Exactly as written, set down the lines from the top of the entries through the line bearing "是在已有的钢平台或工作场地上", with every picture left out.

Study material section start

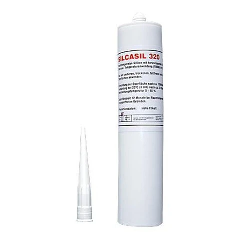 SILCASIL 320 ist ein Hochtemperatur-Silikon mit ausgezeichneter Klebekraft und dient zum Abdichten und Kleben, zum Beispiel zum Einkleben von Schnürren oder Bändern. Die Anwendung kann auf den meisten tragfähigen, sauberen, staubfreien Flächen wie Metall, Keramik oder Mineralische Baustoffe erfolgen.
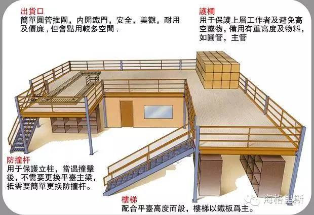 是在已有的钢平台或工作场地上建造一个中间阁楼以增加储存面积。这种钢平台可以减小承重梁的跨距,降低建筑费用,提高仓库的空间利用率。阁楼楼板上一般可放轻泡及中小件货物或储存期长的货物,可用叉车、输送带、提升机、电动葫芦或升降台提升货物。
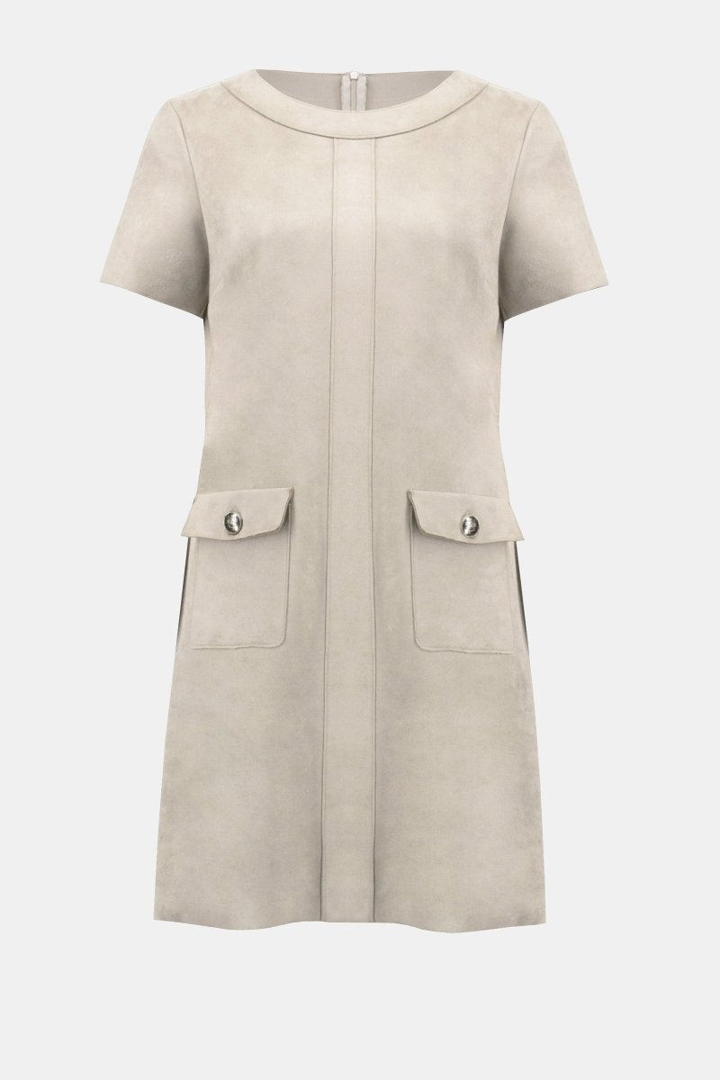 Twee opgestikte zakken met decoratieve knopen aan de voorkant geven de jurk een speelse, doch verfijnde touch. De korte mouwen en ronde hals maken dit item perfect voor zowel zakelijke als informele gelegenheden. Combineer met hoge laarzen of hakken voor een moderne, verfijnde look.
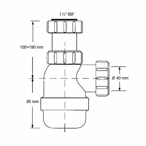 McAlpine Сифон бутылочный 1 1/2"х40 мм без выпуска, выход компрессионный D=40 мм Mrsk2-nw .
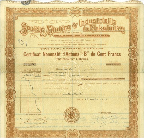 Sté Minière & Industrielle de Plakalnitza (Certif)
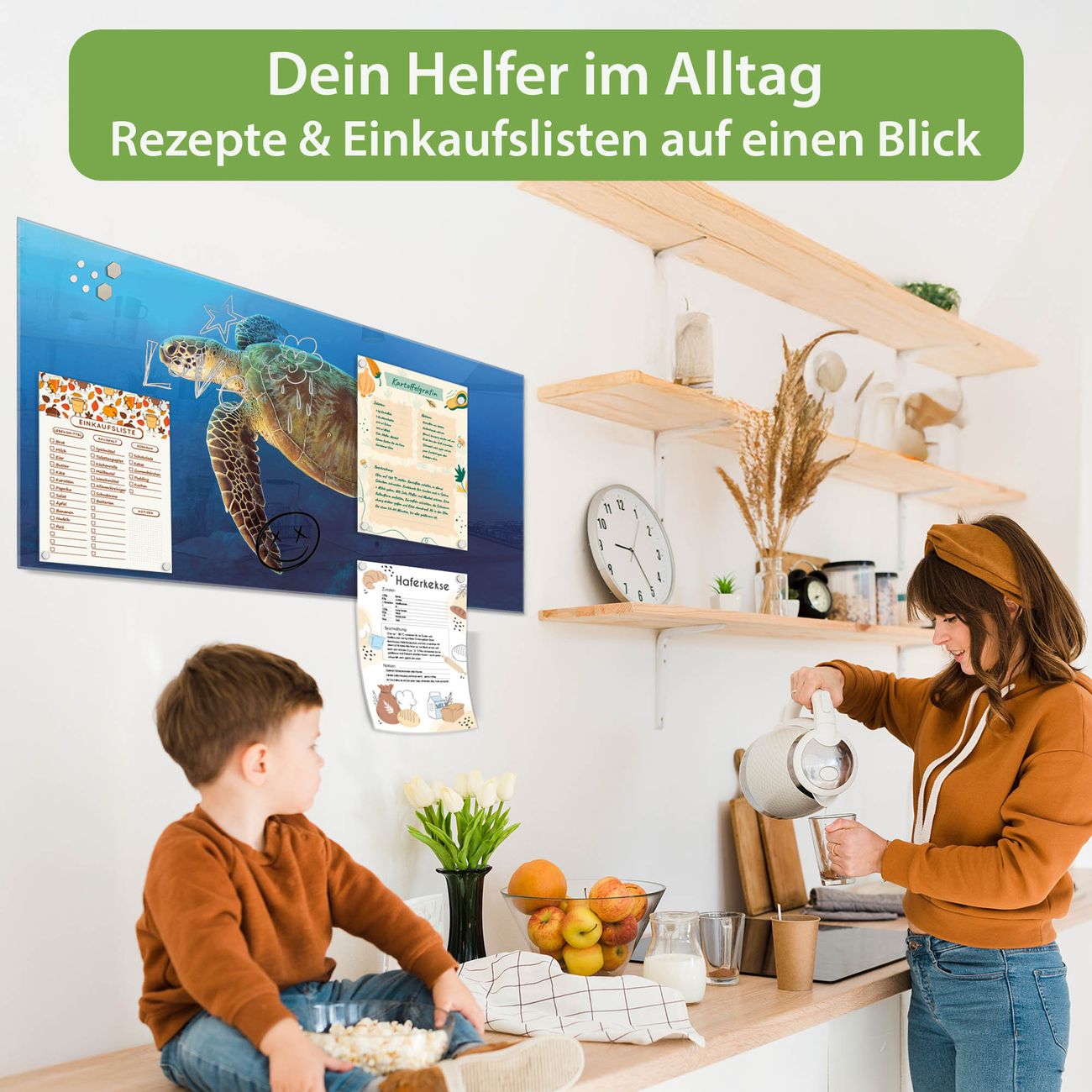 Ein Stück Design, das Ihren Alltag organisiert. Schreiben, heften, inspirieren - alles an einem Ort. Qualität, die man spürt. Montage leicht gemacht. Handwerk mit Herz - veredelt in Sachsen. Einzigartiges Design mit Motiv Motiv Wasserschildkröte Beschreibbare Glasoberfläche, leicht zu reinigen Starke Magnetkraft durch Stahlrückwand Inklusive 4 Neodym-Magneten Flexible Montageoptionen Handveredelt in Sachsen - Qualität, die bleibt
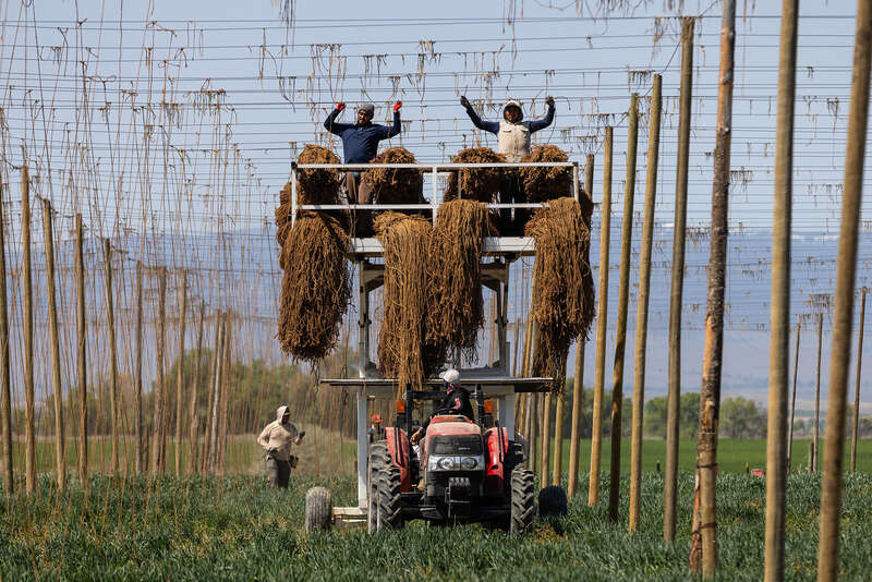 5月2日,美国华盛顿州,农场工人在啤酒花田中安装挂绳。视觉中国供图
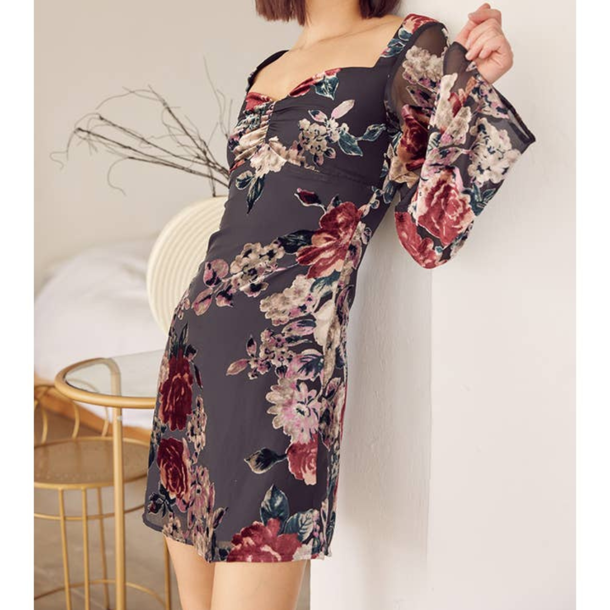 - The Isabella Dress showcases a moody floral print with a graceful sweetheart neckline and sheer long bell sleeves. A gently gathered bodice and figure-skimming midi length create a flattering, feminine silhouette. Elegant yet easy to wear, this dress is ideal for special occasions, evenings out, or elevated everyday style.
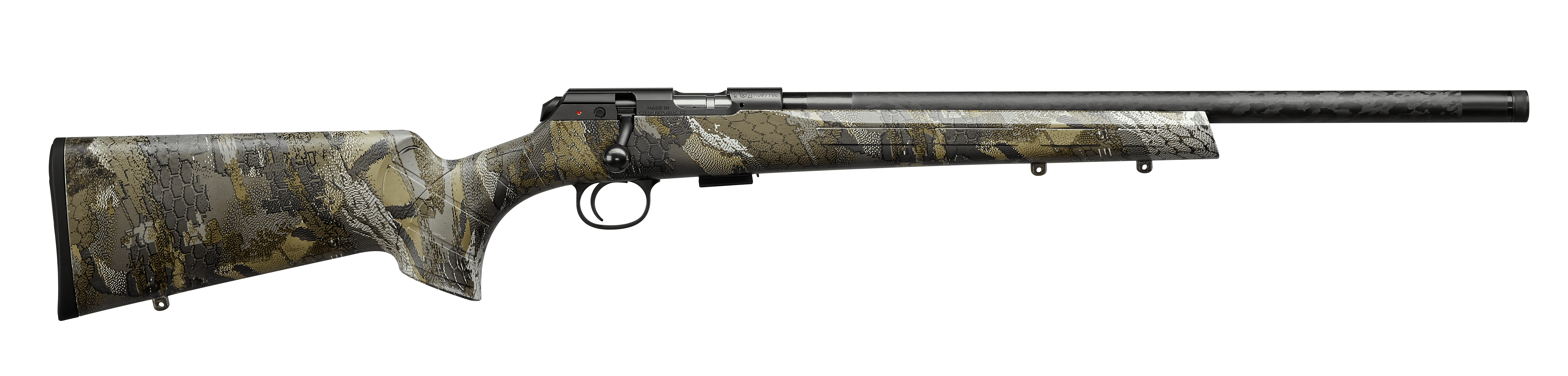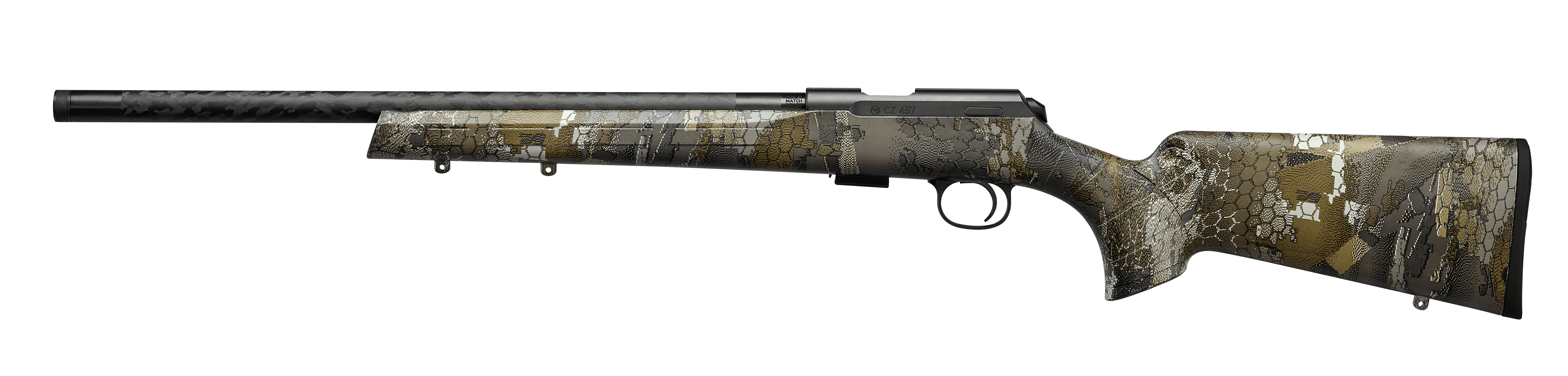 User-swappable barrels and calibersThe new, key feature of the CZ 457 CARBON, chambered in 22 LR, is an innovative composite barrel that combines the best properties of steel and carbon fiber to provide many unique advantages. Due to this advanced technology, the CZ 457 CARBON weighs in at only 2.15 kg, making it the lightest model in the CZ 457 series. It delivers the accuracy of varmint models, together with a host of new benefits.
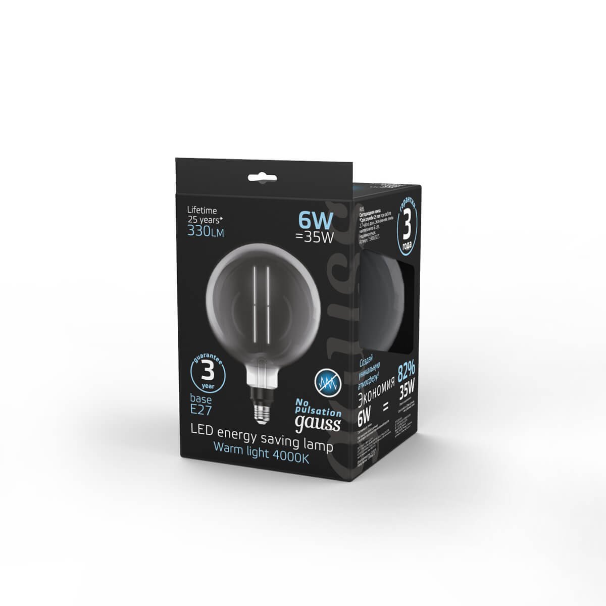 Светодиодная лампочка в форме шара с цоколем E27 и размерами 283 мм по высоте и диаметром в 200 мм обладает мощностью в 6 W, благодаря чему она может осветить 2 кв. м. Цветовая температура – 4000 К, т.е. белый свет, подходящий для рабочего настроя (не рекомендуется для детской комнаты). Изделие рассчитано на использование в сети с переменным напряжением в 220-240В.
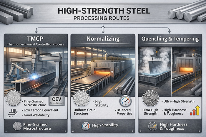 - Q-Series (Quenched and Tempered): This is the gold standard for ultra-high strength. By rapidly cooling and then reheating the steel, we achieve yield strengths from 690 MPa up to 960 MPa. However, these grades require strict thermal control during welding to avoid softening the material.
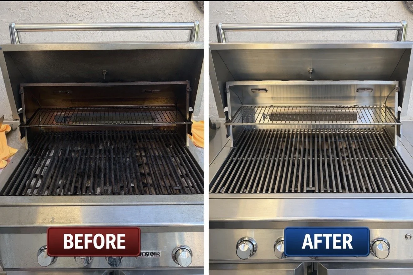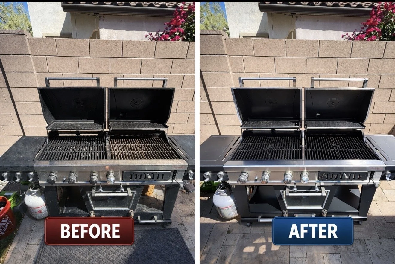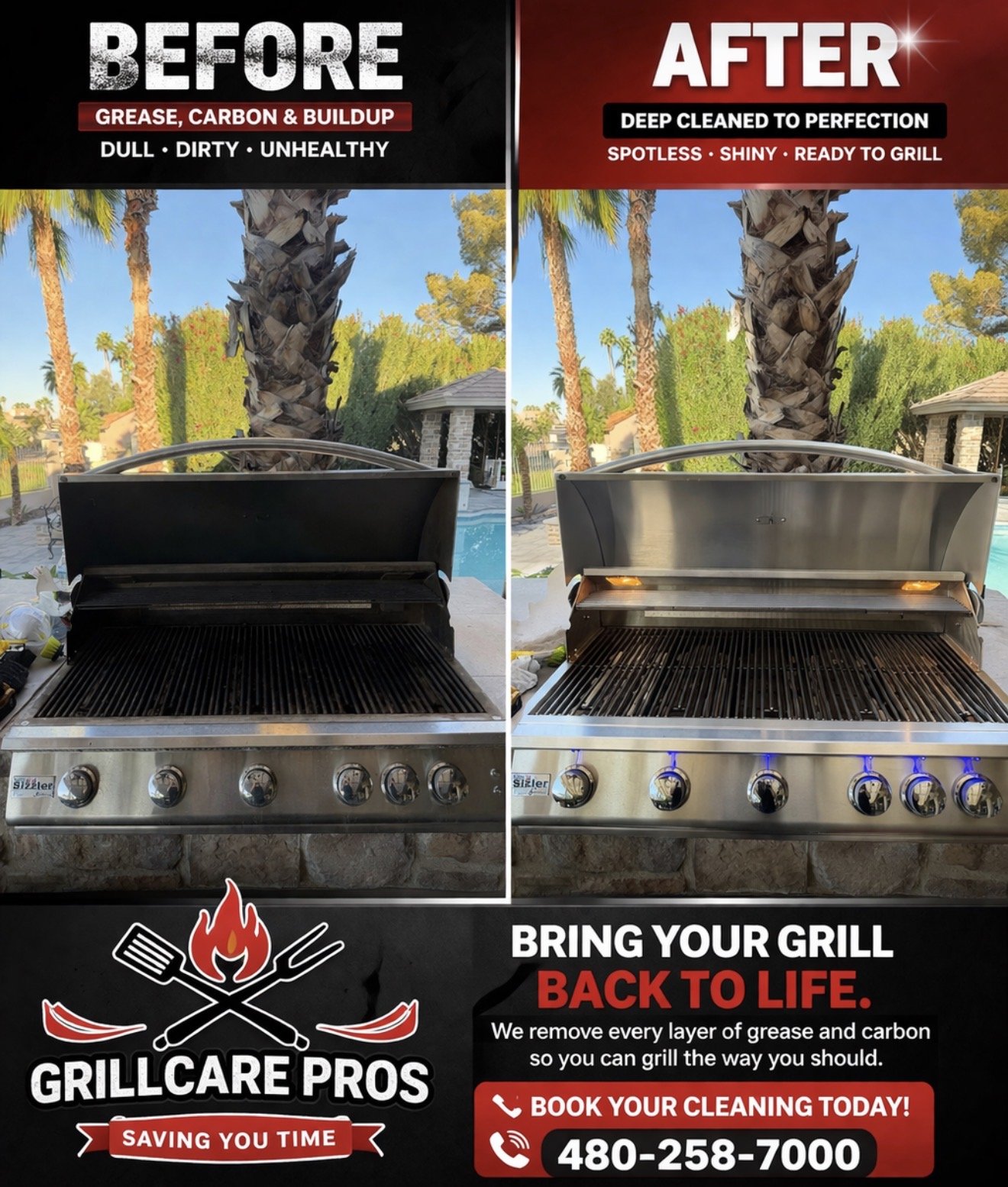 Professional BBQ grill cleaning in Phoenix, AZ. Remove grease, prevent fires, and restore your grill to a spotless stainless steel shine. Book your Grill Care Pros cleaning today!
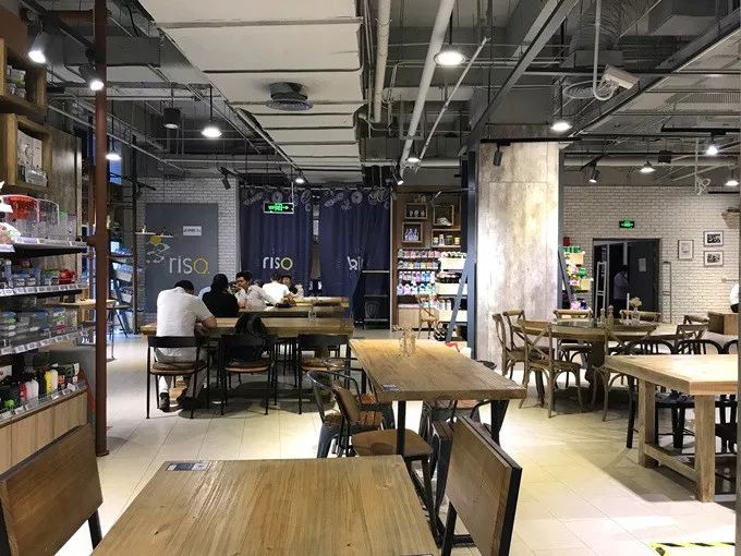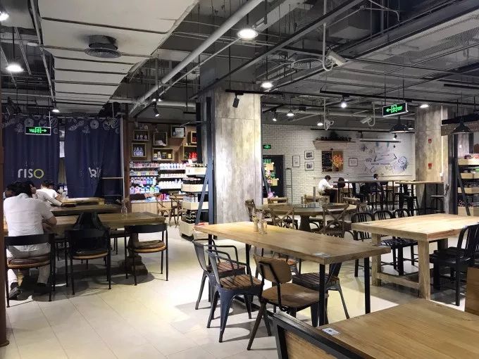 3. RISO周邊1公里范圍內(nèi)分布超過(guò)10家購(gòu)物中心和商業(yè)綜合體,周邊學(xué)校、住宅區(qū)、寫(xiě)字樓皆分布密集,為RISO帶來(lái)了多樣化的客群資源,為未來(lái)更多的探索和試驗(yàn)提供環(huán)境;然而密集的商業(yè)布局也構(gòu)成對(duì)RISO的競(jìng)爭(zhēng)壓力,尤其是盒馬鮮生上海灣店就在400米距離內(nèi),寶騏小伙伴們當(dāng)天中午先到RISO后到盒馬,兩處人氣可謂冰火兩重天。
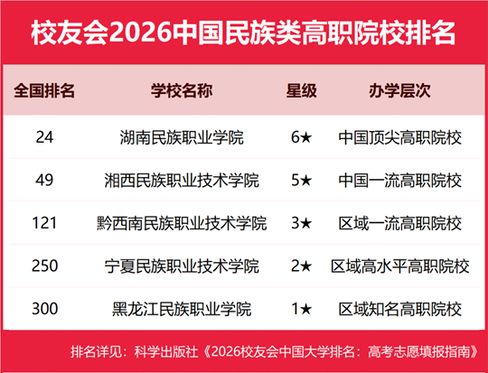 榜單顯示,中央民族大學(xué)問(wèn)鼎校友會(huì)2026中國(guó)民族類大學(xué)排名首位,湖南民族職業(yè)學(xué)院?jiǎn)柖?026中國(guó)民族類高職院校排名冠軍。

Study material section end

» Written response:
 SILCASIL 320 ist ein Hochtemperatur-Silikon mit ausgezeichneter Klebekraft und dient zum Abdichten und Kleben, zum Beispiel zum Einkleben von Schnürren oder Bändern. Die Anwendung kann auf den meisten tragfähigen, sauberen, staubfreien Flächen wie Metall, Keramik oder Mineralische Baustoffe erfolgen.
 是在已有的钢平台或工作场地上建造一个中间阁楼以增加储存面积。这种钢平台可以减小承重梁的跨距,降低建筑费用,提高仓库的空间利用率。阁楼楼板上一般可放轻泡及中小件货物或储存期长的货物,可用叉车、输送带、提升机、电动葫芦或升降台提升货物。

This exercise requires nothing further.